Good morning, everyone.

We sometimes give you a big, beefy wall of text to read. The best approach is to pick and choose what you're interested in and discard the rest. There will always be another day, but we try and include at least one thing that will pique your interest depending on what you have going on when you open this email. Be sure to check out the sections we curate at the bottom of the newsletter for interesting links and other oddities we curate from the broader internet.

Below, we talk about the persistence of blood shortages in Tennessee and elsewhere, dig into the latest emergency requiring massive action, and suggest some shows for you to check out.

You can follow us on Twitter (@realpamphleteer), LinkedIn (@realpamphleteer), or Instagram (@realpamphleteer) for additional content.

Thanks for reading.



Since the onset of the Coronavirus pandemic, America’s blood supply has taken a dramatic hit. American Red Cross blood drives collect nearly 40% of the nation’s blood supply and are traditionally set up in public locations, such as college campuses that experienced shutdowns due to Covid-19 protocols. Inevitably, the blood supply went down with the shutdowns. Unfortunately, donor numbers have yet to fully recover and factors contributing to the nationwide blood deficit have continued to snowball from there.

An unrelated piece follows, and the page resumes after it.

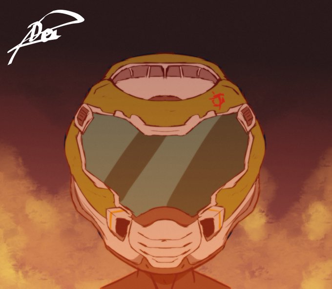 Just a quick edit of my OC Deimond in chibi form wearing Doomguy/Doom Slayer's helmet lol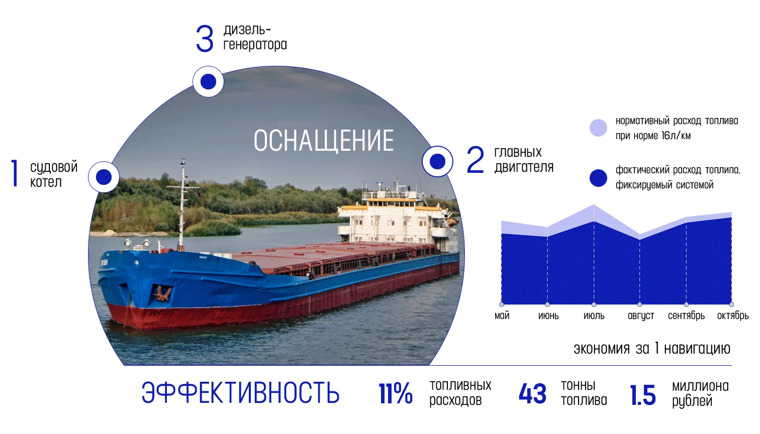 Система позволяет дистанционно отслеживать параметры основных судовых потребителей ГСМ, вести точный учет расхода топлива, контролировать бункеровку. Внедрение можно провести поэтапно, начав с установки датчиков для контроля наиболее критичных параметров судовых топливных систем.

The need for blood donations following the devastating tornadoes of this past weekend focused the spotlight on the blood supply shortages that were already there. Hospitals across Tennessee have been continuously stressing the severity of the blood supply shortage since the summer. Even before the severe storms of December 11th hospitalized Tennesseans in need of lifesaving care, doctors in major hospitals across the state preemptively outlined contingency plans for blood rationing if their supplies ran out.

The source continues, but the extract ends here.